# The records:
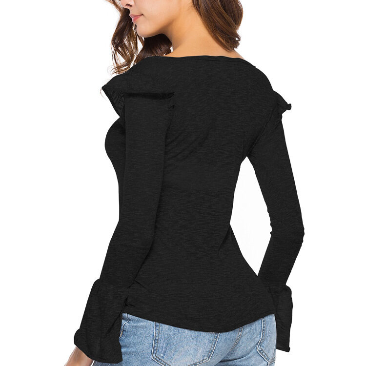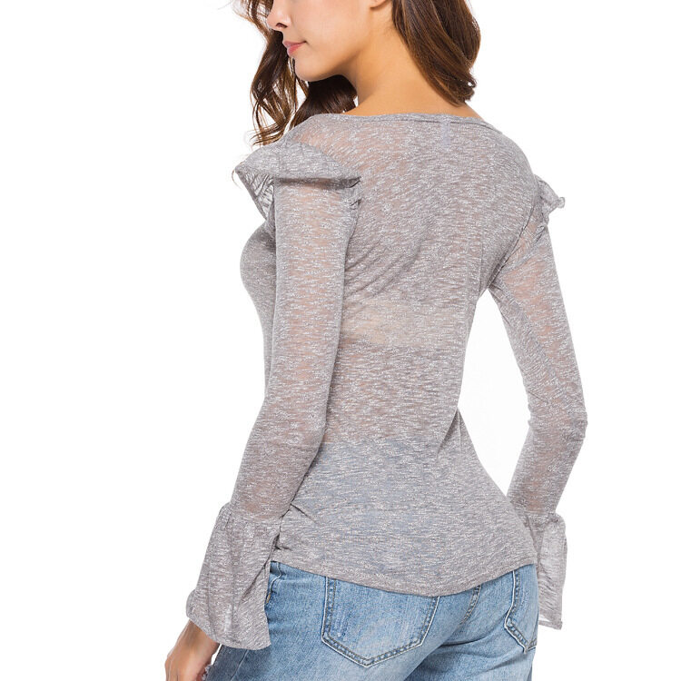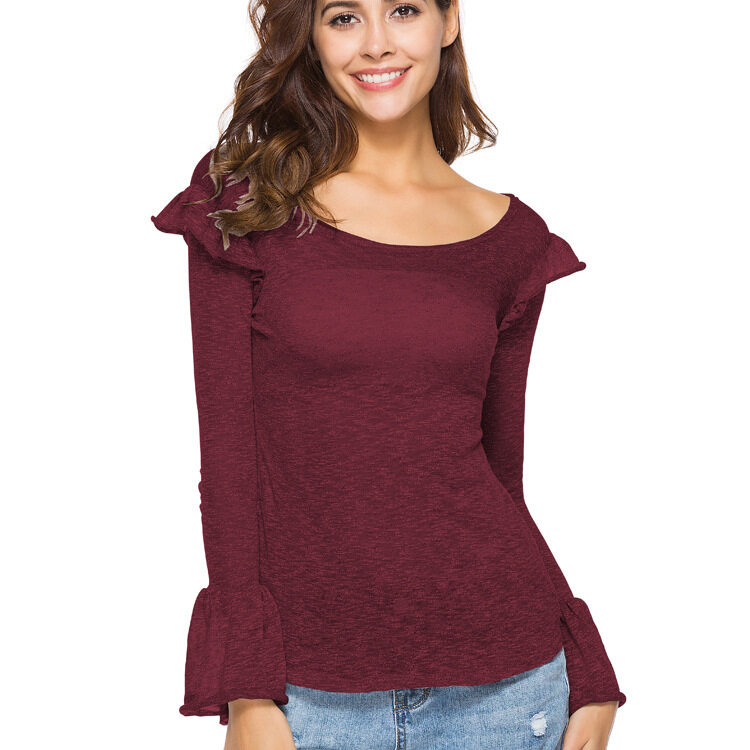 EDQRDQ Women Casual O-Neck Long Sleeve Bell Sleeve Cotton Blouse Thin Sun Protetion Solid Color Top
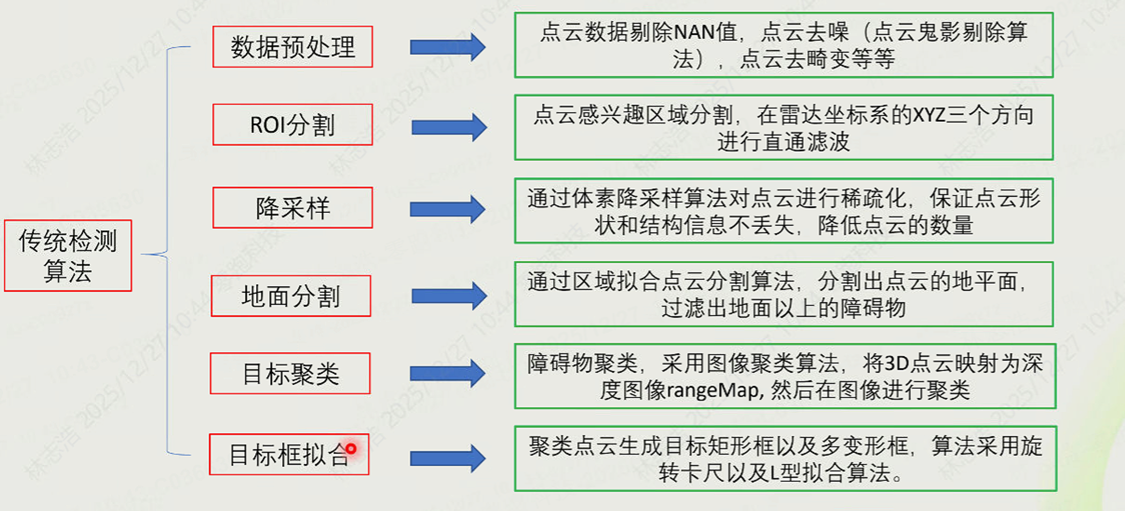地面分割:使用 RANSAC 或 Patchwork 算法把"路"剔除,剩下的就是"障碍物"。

* * *

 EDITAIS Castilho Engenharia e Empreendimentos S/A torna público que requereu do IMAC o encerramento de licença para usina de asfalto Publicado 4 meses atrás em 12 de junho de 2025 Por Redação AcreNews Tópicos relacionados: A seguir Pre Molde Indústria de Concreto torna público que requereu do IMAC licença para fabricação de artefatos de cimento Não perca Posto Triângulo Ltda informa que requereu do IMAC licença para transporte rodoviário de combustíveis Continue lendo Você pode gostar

# About this exercise:
Only one stretch of the entries above is needed: the lines from the one containing "EDQRDQ Women Casual" through the one containing "地面分割:使用 RANSAC 或". Copy it exactly, without the pictures.

# Response for this exercise:
 EDQRDQ Women Casual O-Neck Long Sleeve Bell Sleeve Cotton Blouse Thin Sun Protetion Solid Color Top
地面分割:使用 RANSAC 或 Patchwork 算法把"路"剔除,剩下的就是"障碍物"。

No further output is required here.